For a more secure Achieved, the student could make more direct links between the extensive biographical information (3) and the art works being analysed. For example, the photojournalist techniques could be discussed in relation to Out my Window (4),or images of mercury poisoning victims (3) could be analysed.

The student could also compare the artists’ common theme of surveillance. Identifying how and why each artist presents a unique approach to voyeurism would enable the student to distinguish the similarities and differences between approaches to making art.

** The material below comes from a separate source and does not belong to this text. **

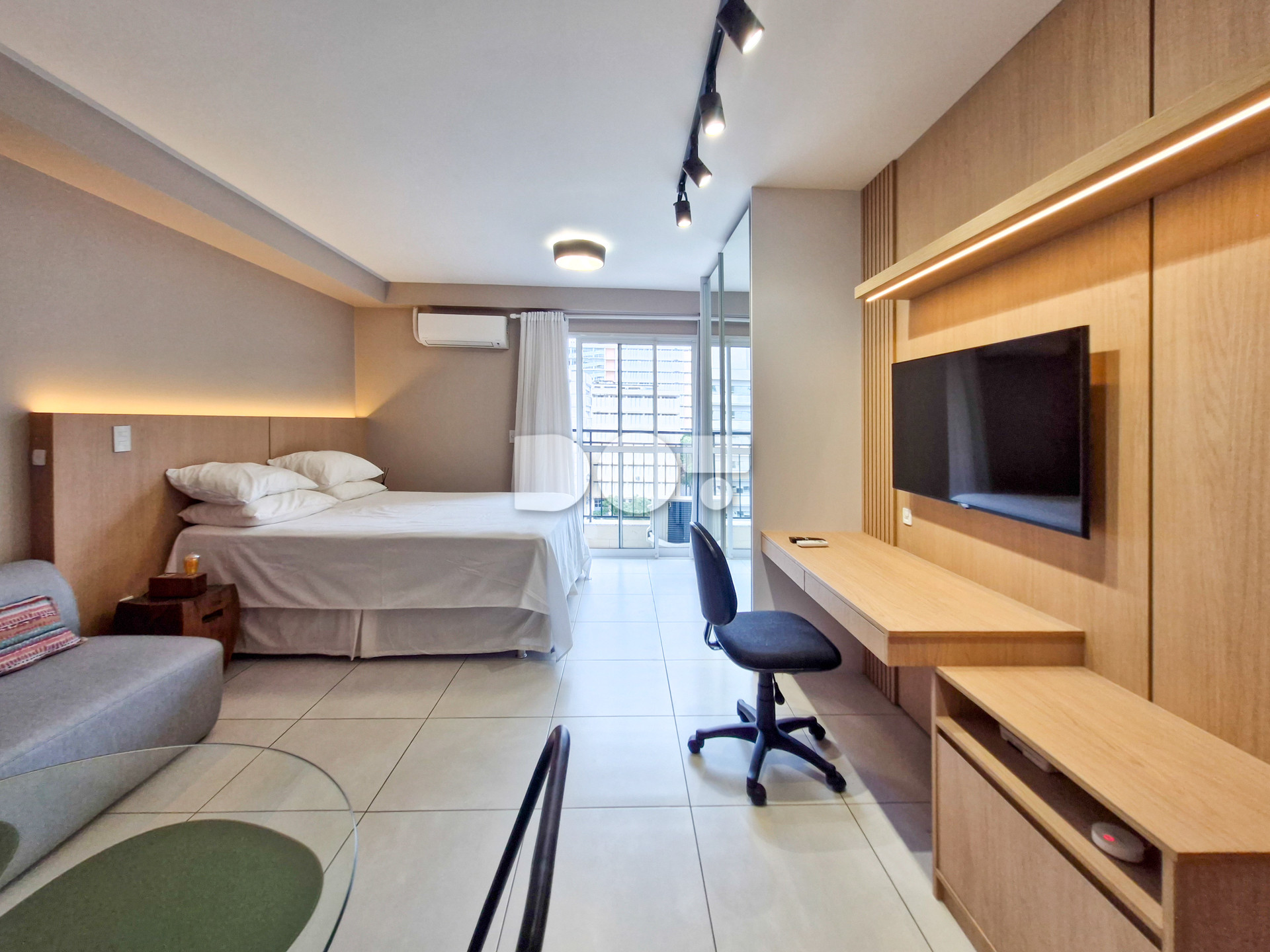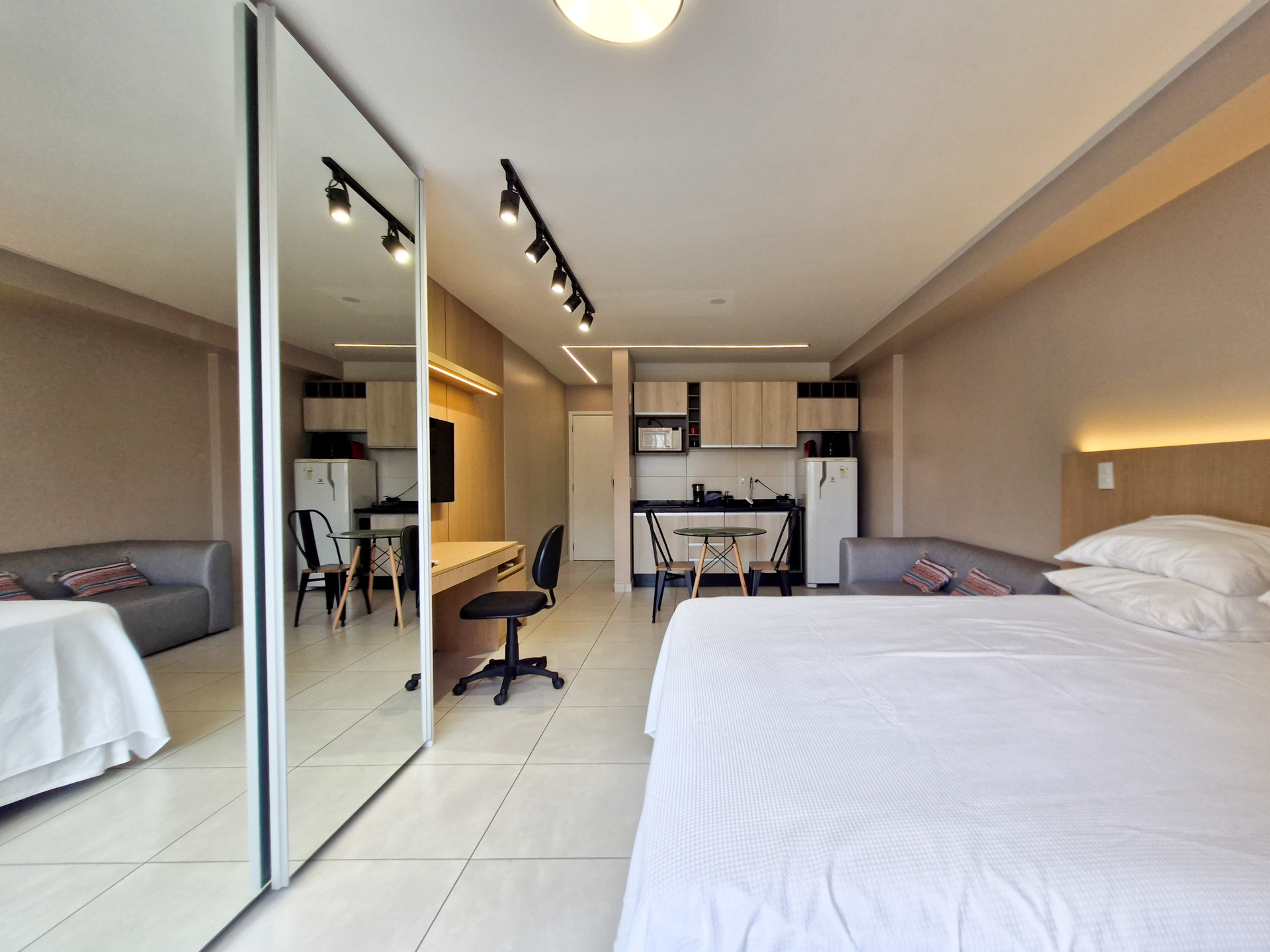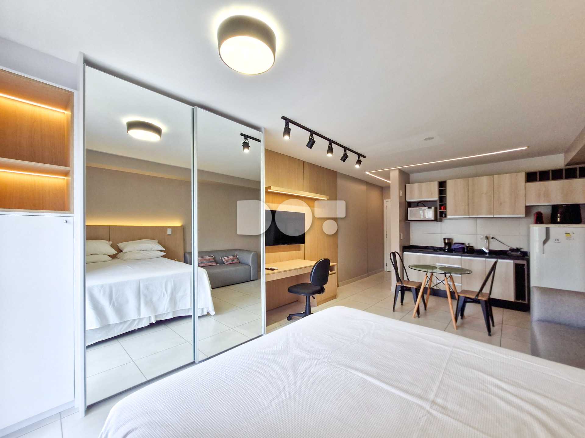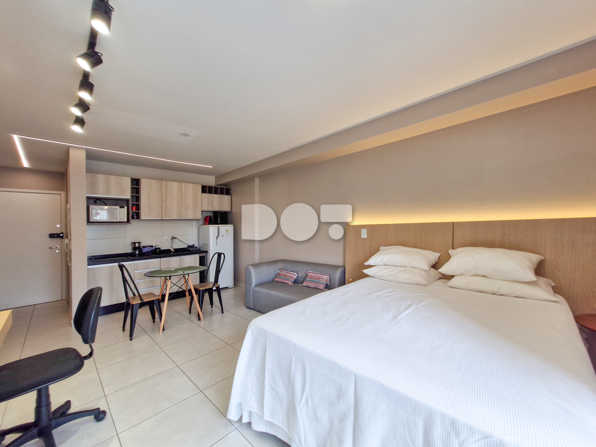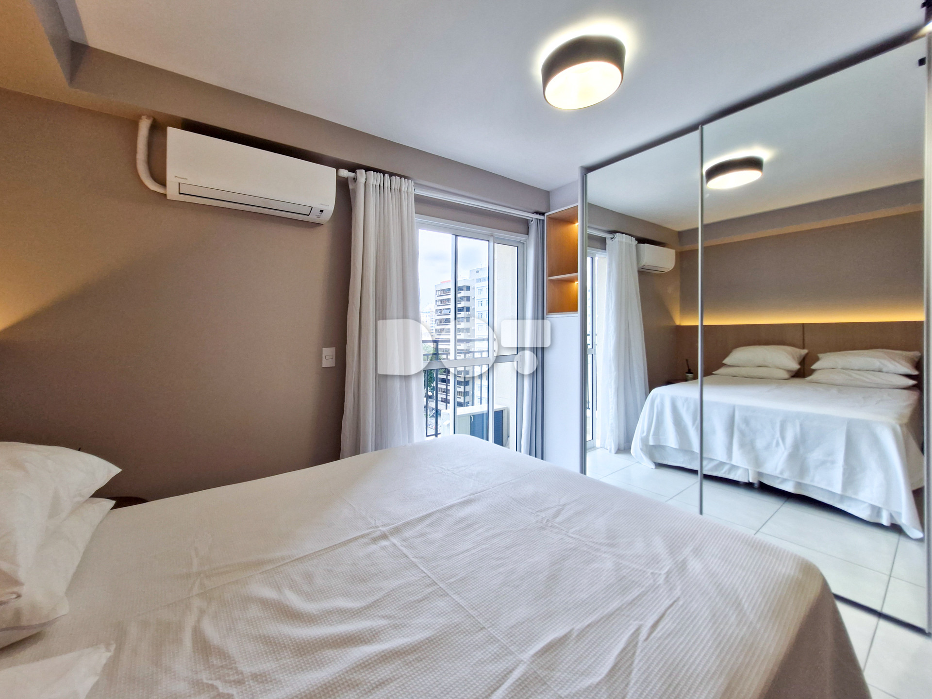 O apartamento foi recentemente reformado e conta com móveis planejados de primeira linha, oferecendo um ambiente moderno e funcional. Possui face leste, garantindo ótima iluminação natural pela manhã. O imóvel dispõe de cama queen size, sofá, TV smart, eletrodomésticos, ar-condicionado Daikin 18.000 BTU, piso em cerâmica e aquecimento de água por caldeira.

Overall the research and analysis of each photographer would need to be more sustained for a secure Achieved at Level 3.

High Not Achieved

Commentary
Student work extract

Student 6 (PDF, 5.8MB)

For Achieved, the student needs to analyse methods and ideas from established photography practice.

This involves:

  • identifying, describing, and examining features of art works
  • identifying information related to methods and ideas
  • explaining how and why art works are made, viewed, and valued
  • distinguishing similarities and differences between approaches to making art
  • research into the established practice of at least three artists from at least two sources.

This student has addressed the work of Loretta Lux and Ann Shelton. The student has used appropriate technical terms to describe photographs (2), and explained how some pictorial devices have been used to direct the viewer’s attention (3).

To reach Achieved, the student could make clear connections between the biographical information and the analysis of art works. For example, the German identity of Loretta Lux (1) could be explored in terms of how the images relate to cultural values or other German artists.

For Achieved, the student would also need to move beyond simply describing the features of works (4) to examine their purpose or effect. Reference should be made to how technical (light, focus) and pictorial (framing, colour) features create effects and/or communicate ideas.

Reading from appropriate research sources may provide the student with information about the methods and ideas of each artist. For example, the typological approach of Loretta Lux could be discussed.

Where other artists are mentioned, such as Arcimboldo (5), a discussion of similarities and differences should be provided. In the case of Ann Shelton, a more appropriate comparison may be made with the work of Rosalie Gascoigne.